Beginning with the top line of the listing below, give again every line up to and including the line with "certificate of authenticity."; pictures do not belong in the copy.

RECORDED INFORMATION START

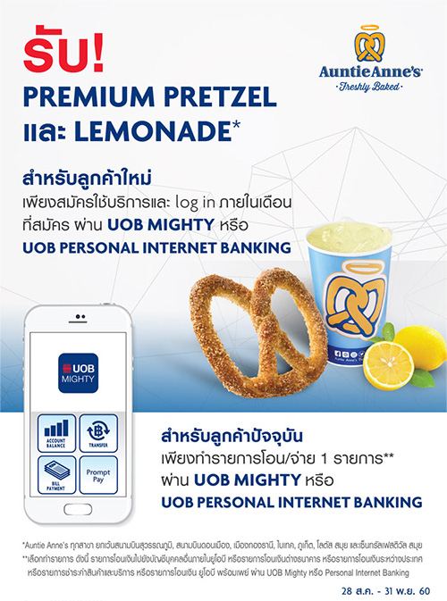 ลูกค้าธนาคารยูโอบี รับฟรี! Premium Pretzel และ Lemonade ที่ Auntie Anne's
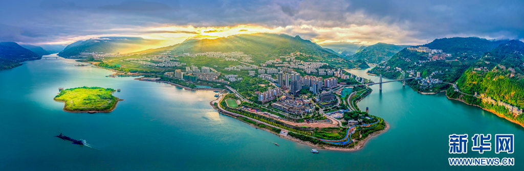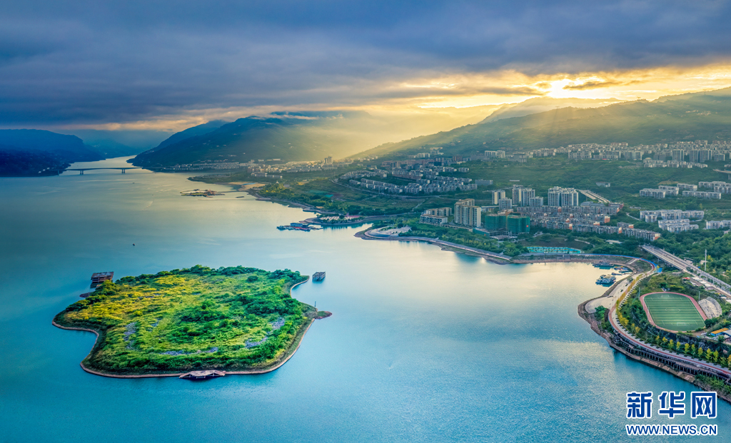 朝陽映襯下的江畔小城綏江,水清岸綠景美(10月23日攝)。新華網(wǎng)發(fā)(曾三東 攝)
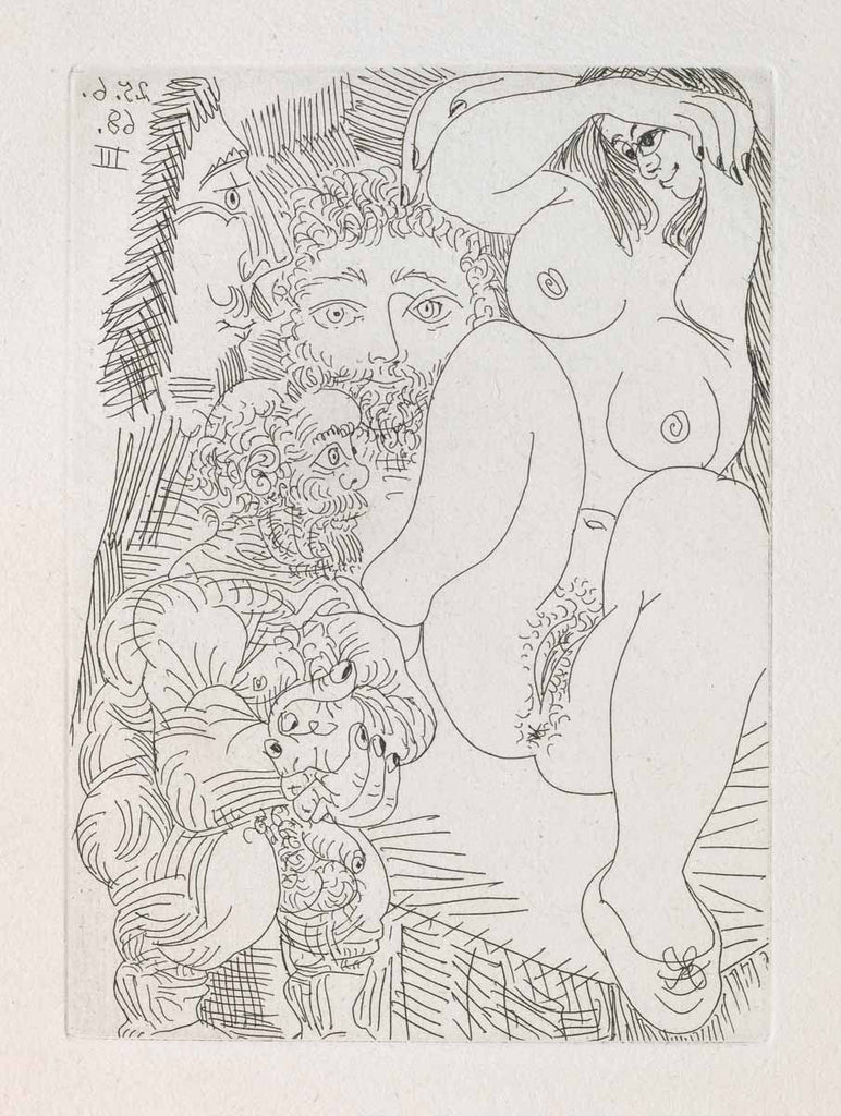 "Young Courtesan with Gentleman, Sculptor and Salivating Old Man (B.1665)" is an etching created by Pablo Picasso in 1968 for his series 'La Célestine'. From the edition of 400, the image size is 5 x 3.5". The artwork ships framed and accompanied by a certificate of authenticity.
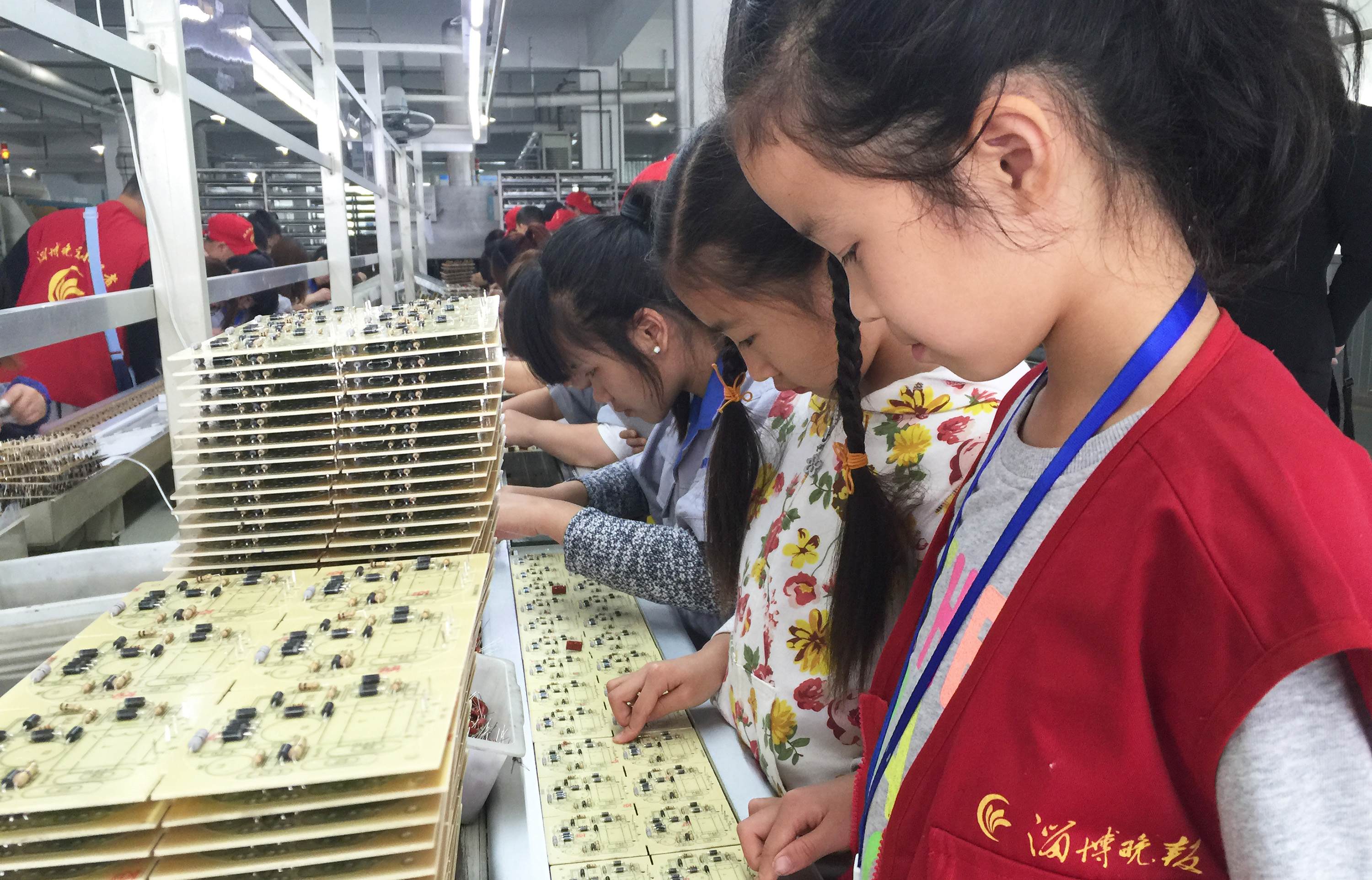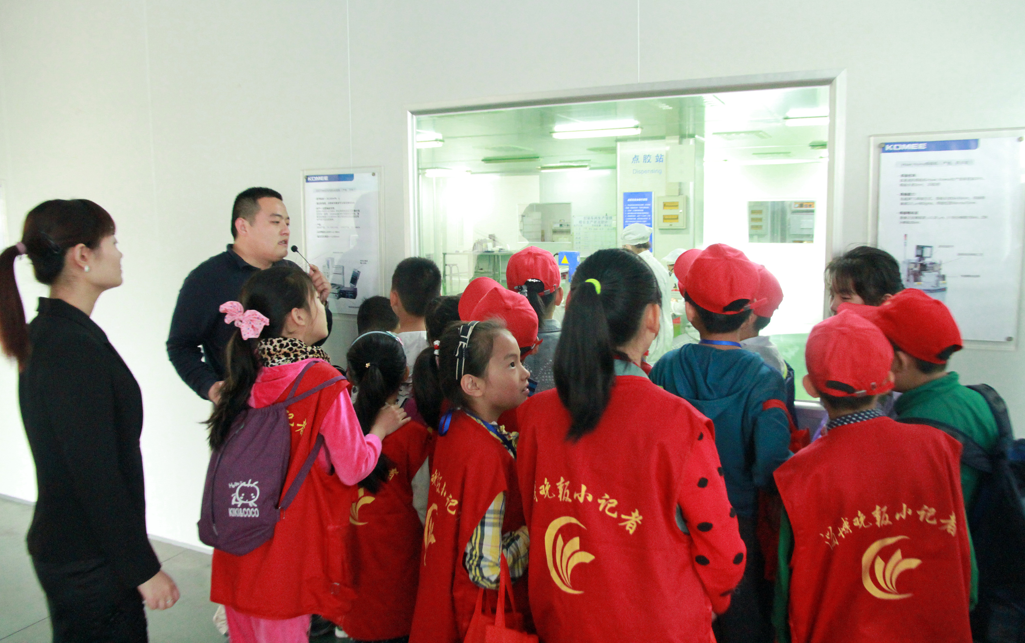 ▲小记者参观科明LED生产线、技术实验室、产品检测设备,现场体验了解LED灯是如何创造出来的。
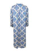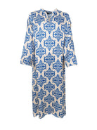Langes bedrucktes Kleid aus Satin. Maße S/M: ½ Brustumfang: 53 cm. Länge: 125 cm.
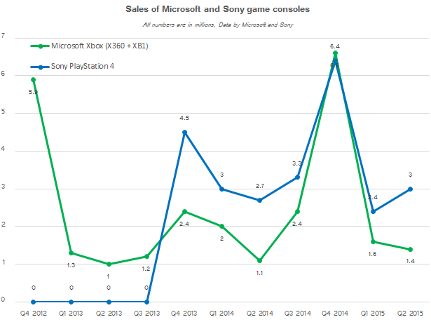 Typically, sales of video game consoles drop in Q1 and Q2 and then recover in Q3 and Q4. Shipments of Sony’s PS4 managed to increase both sequentially and year-over-year in the second quarter of 2015. It is clear why PS4 performs better than the industry, but it is rather surprising that it performs better than it should in this part part of the year. Perhaps, Sony can finally fulfill demand for its latest console and gamers who could not obtain the hardware before got the device in the second quarter of the year.
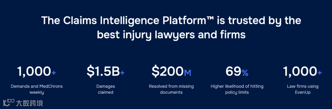 然而,即便是「人身伤害索赔」这个非常垂直的领域,每年受害者的索赔金额高达 1000 亿美金,也是一个非常大的市场了。因此,除了 EvenUp,市面上还有一些法律 AI 公司也聚焦人身伤害赔偿领域,提供类似的产品。
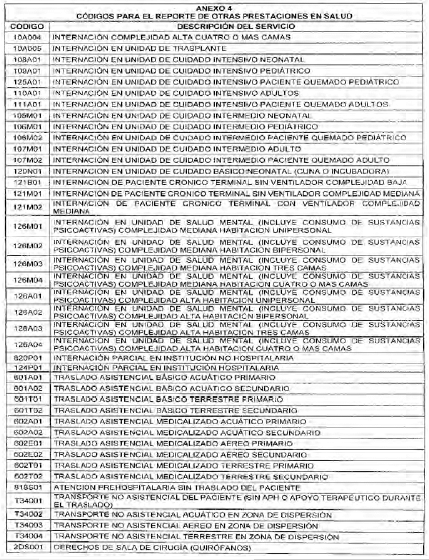 CÓDIGOS PARA EL REPORTE DE OTRAS PRESTACIONES EN SALUD
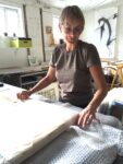 top image: Amelia Currier in her studio center image: After Hokusai, encaustic monotype with ink, 26″ x 19″ bottom image: Glyphs and Houses exhibition flier
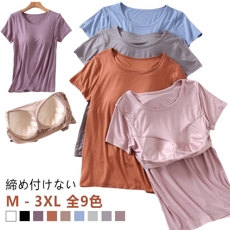 パジャマ パジャマ 薄手 Tシャツ 半袖 インナートップス カップ付 ブラ付きTシャツ 寝間着 パット付き 寝巻き トップス ランジェリー モーデル生地 肌にやさしい 通気性 快適 女性
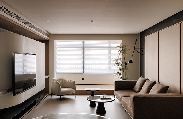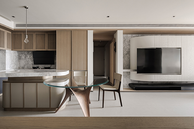 餐廚區突出的櫃體與客廳弧形懸空電視櫃,打破長形空間的單一線性,黑白石材的底襯鋪陳則在視覺上形成呼應,使不同區域彼此產生連結,這些細節如同山石之間的自然起伏,讓空間在整體一致中保有豐富層次。
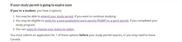 學(xué)生必須在這個期限到達前離開加拿大或者是提交其它申請繼續(xù)留在加拿大。如果學(xué)簽即將到期,目前是學(xué)生身份,一般大家有以下的選擇:
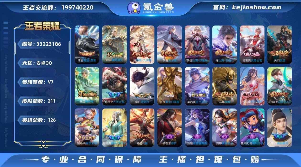 安卓Q-V7-最强王者段位-126英雄-211皮肤-1典藏皮肤-11传说-54史诗 【英雄全皮】:影全皮 【荣耀典藏】:李白鸣剑曳影 【传说皮肤】:后羿神树通天,澜愿照九州拓,桑启鸣野蒿,孙悟空齐天大圣,曜山海苍雷引,李信山海炽霜斩,李白诗剑行,关羽武圣,张良黄金白羊座,诸葛亮武陵仙君,李白凤求凰 【限定皮肤】:姜子牙天穹之誓,李白谪仙醉月,狄仁杰阴阳师,赵云皇家上将,嬴政优雅恋人,庄周高山流水,高渐离死亡摇滚,扁鹊奇幻香踪,周瑜赤莲之焰,夏侯惇朔风刀,甄姬游园惊梦,曹操天狼征服者,马可波罗山海玄木吟,狄仁杰魔术师,狄仁杰万华元夜,达摩沙漠行僧,项羽海滩派对,老夫子醍醐杖,关羽武圣,程咬金演武夺筹,韩信飞衡,兰陵王驯魔猎人,兰陵王金庭之子,孙悟空齐天大圣,牛魔御旌,李元芳云中旅人,钟馗驱傩正仪,杨戬潮玩骑兵,蔡文姬繁星吟游,鬼谷子原初探秘者,诸葛亮武陵仙君,苏烈千军破阵,弈星混沌棋,沈梦溪大漠名商,明世隐疑决卦,裴擒虎李小龙,裴擒虎擒涛扼浪,云中君纤云弄巧,李信山海炽霜斩,盾山御銮,上官婉儿神器万象笔,嫦娥暖冬兔眠,曜山海苍雷引,鲁班大师探海日志,桑启海盐诗旅,暃星界游侠,艾琳流音漫舞,阿古朵江河有灵,张良古...
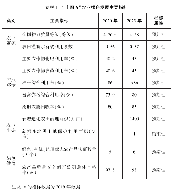 到2025年,農(nóng)業(yè)綠色發(fā)展全面推進(jìn),制度體系和工作機(jī)制基本健全,科技支撐和政策保障更加有力,農(nóng)村生產(chǎn)生活方式綠色轉(zhuǎn)型取得明顯進(jìn)展——資源利用水平明顯提高、產(chǎn)地環(huán)境質(zhì)量明顯好轉(zhuǎn)、農(nóng)業(yè)生態(tài)系統(tǒng)明顯改善、綠色產(chǎn)品供給明顯增加、減排固碳能力明顯增強(qiáng)。
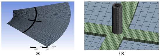 In the middle and late 20th centuries, the development of computational fluid dynamics (CFD) promoted the theoretical analysis and design research of air bearings. At present, CFD software simulation is often used in the design of aerostatic bearings to obtain air film pressure, bearing capacity, gas flow rate, etc. Sahto used CFD software to simulate and solve the internal distribution of pressure of the porous, orifice, and multiple-type aerostatic thrust bearing and analyzed the influence of material and geometric parameters on stiffness and bearing capacity [8]. Yan used CFD software to simulate and analyze the influence of different shapes of pressure-equalizing grooves on bearing performance [9]. Gao used CFD software to simulate and analyze the influence of the herringbone groove on the performance of the aerostatic journal under the conditions of high speed and low pressure [10]. The first step of CFD analysis and calculation is to generate meshes, that is, to subdivide the continuous calculation area in space, divide it into many sub-areas, and determine the nodes in each area. The CFD calculation process’s efficiency mainly depends on the generated meshes. The meshes used in the current public research are mainly structured meshes [11,12,13] and unstructured meshes [14,15], but there is no comparison of the simulation effects of different meshes.
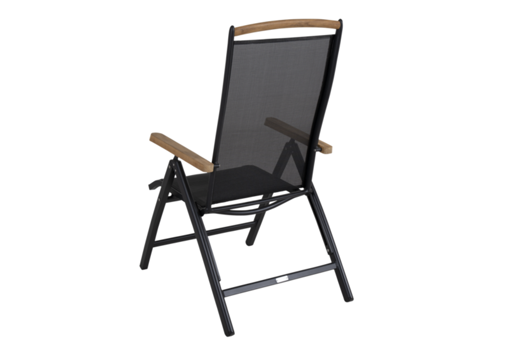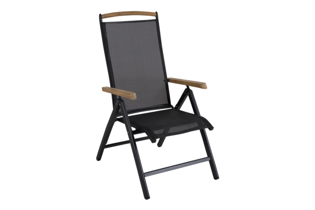 Andy positionsfåtölj från Brafab kombinerar stil och komfort med aluminiumstomme, textilene rygg och teakarmstöd.
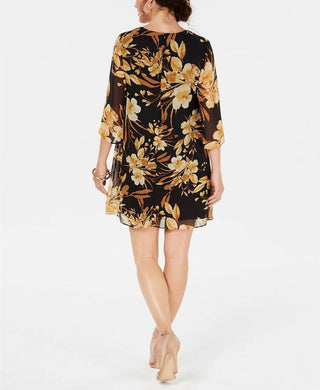Connected Women's Floral Chiffon Keyhole Dress Dark Yellow Size 8 Petite

RECORDED INFORMATION END

RESULT OF THIS EXERCISE:
 ลูกค้าธนาคารยูโอบี รับฟรี! Premium Pretzel และ Lemonade ที่ Auntie Anne's
 朝陽映襯下的江畔小城綏江,水清岸綠景美(10月23日攝)。新華網(wǎng)發(fā)(曾三東 攝)
 "Young Courtesan with Gentleman, Sculptor and Salivating Old Man (B.1665)" is an etching created by Pablo Picasso in 1968 for his series 'La Célestine'. From the edition of 400, the image size is 5 x 3.5". The artwork ships framed and accompanied by a certificate of authenticity.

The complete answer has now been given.